The problem with being the CEO of a controversial multi-billion dollar Silicon Valley startup is once controversy darkens your door it inevitably seems their business-related skeletons come crashing out of the closet, or boardroom as it may be. The New York Times has reported that Apple CEO Tim Cook accused Uber CEO Travis Kalanick of tracking iPhone users even after the Uber app was deleted from the device. In 2015, Cook was said to be so annoyed over the matter that he threatened to drop Uber from the Apple app store if they didn’t comply.
This is just one more black eye to the company that was once heralded as being on the edge of ingenuity.
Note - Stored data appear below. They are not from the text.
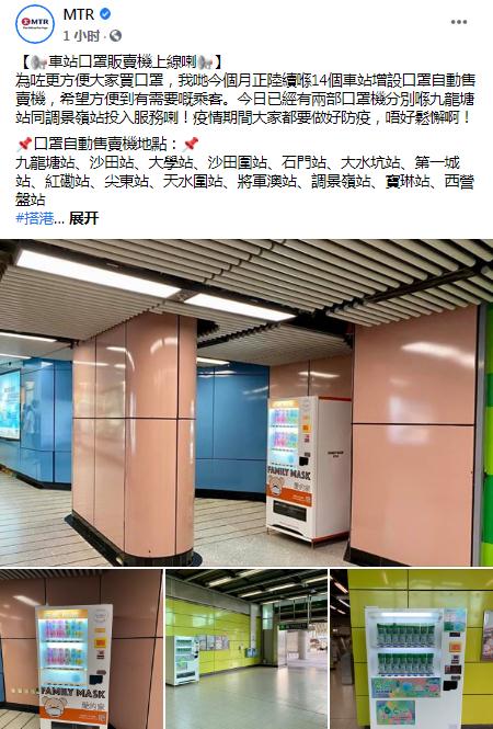口罩自動售賣機地點:九龍塘站、沙田站、大學站、沙田圍站、石門站、大水坑站、第一城站、紅磡站、尖東站、天水圍站、將軍澳站、調景嶺站、寶琳站、西營盤站。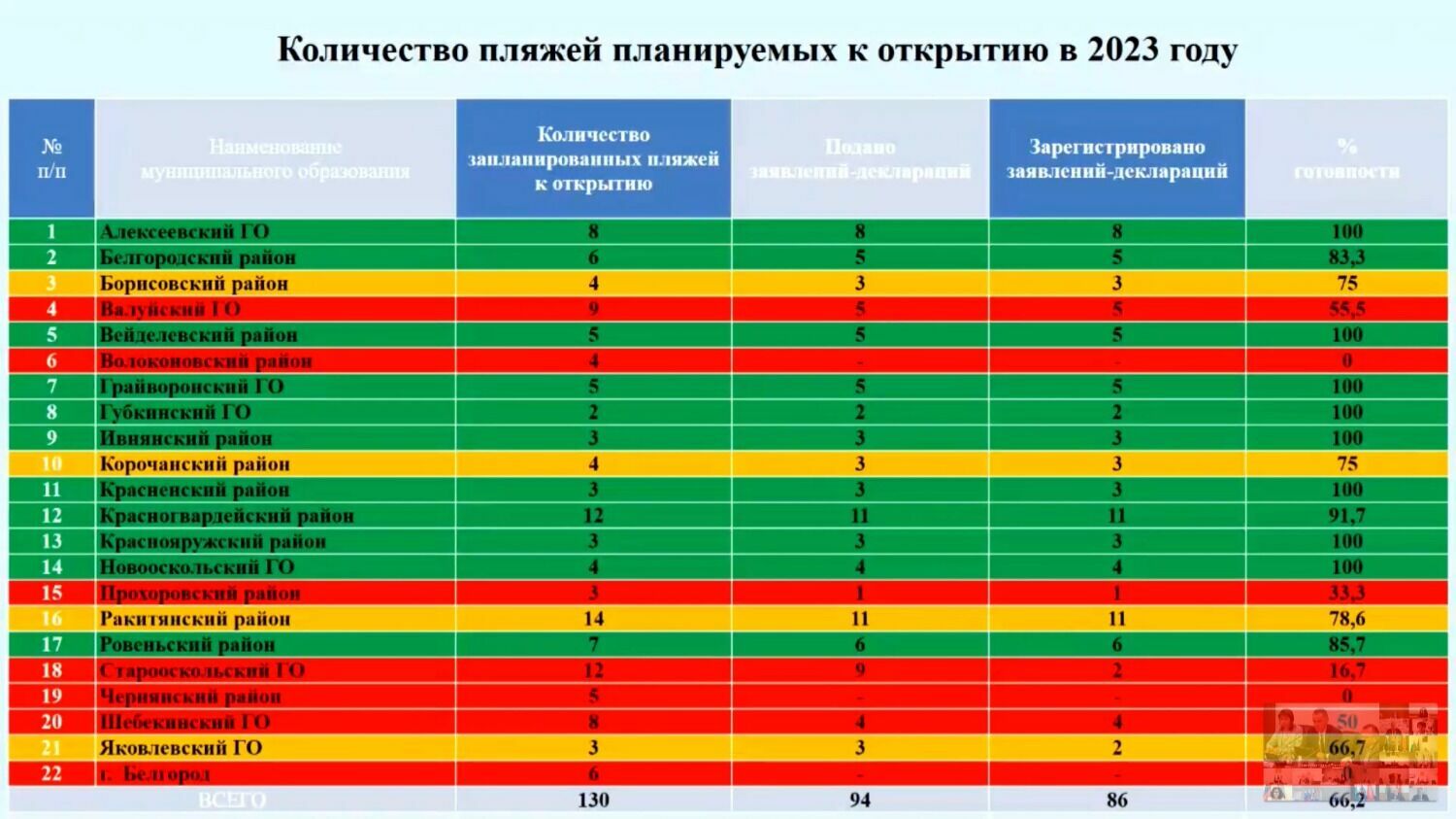 По данным заместителя губернатора Ивана Будлова, всего в текущем году в Белгородской области откроют 130 пляжей. Документы, которые подтверждают наличие необходимого снаряжения, спасательных средств, проведения водолазного обследования есть у 11 муниципалитетов. Они находятся в «зелёной» зоне.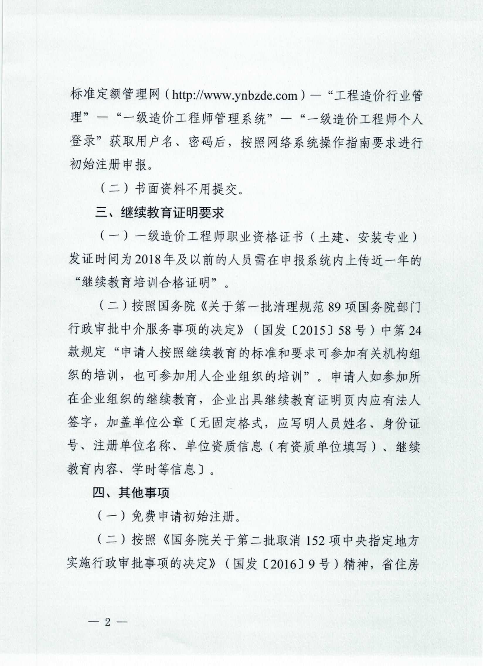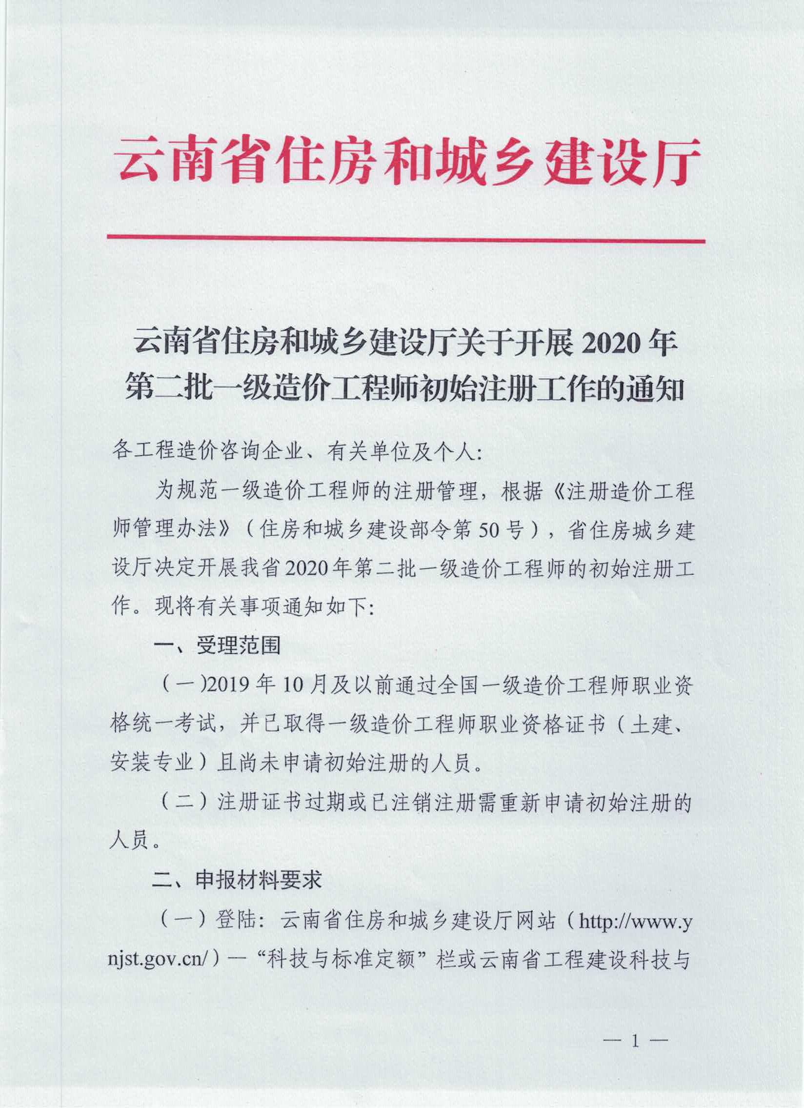 云南省住房和城乡建设厅关于开展2020年第二批一级造价工程师初始注册工作的通知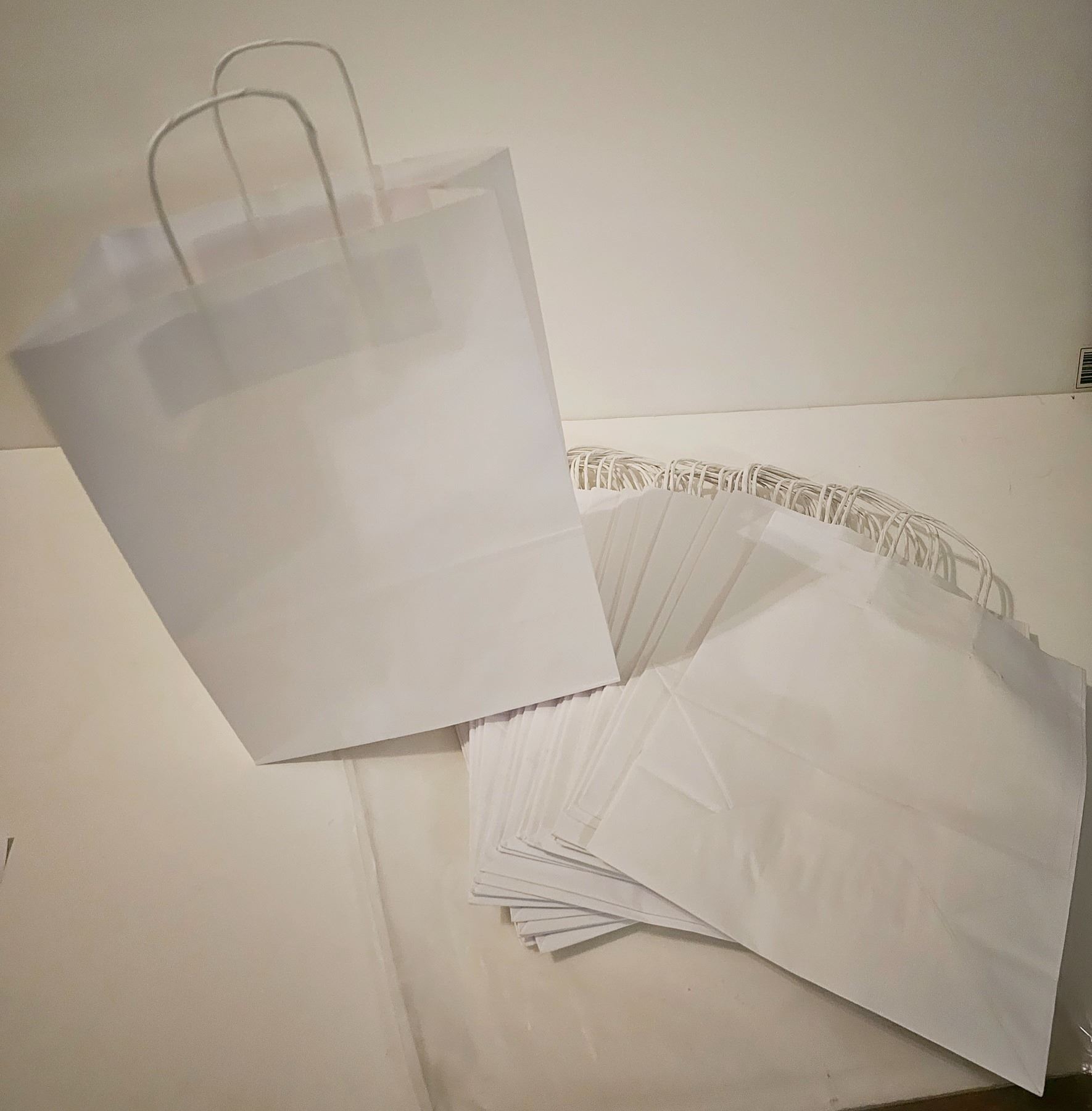 This is a set of 25 white gift bags, Great for upcoming Christmas partys, New

From multiple sexual harassment accusations to lawsuits from Google over alleged stolen technology to the company allegedly taking advantage of their drivers. Uber has vehemently denied Apple’s accusation saying it wasn’t tracking iPhone users but were protecting themselves from people who would use stolen phones to try to get out of paying for expensive rides. Uber specifically has said this is mostly a problem in China.
While Uber may seem like a morally ambiguous company at best, are any of these scandals really hurting their business? Do the everyday users of Uber know of the company’s many PR woes and if they do has it discouraged anyone from continuing to use the ride sharing app? So far competitors have failed to capitalize on Uber’s supposed downfall. Competing services like Lyft have started to make moves into formerly exclusive Uber markets but is Uber’s cache so great that their brand will be like the Xerox of their industry? Only time will tell.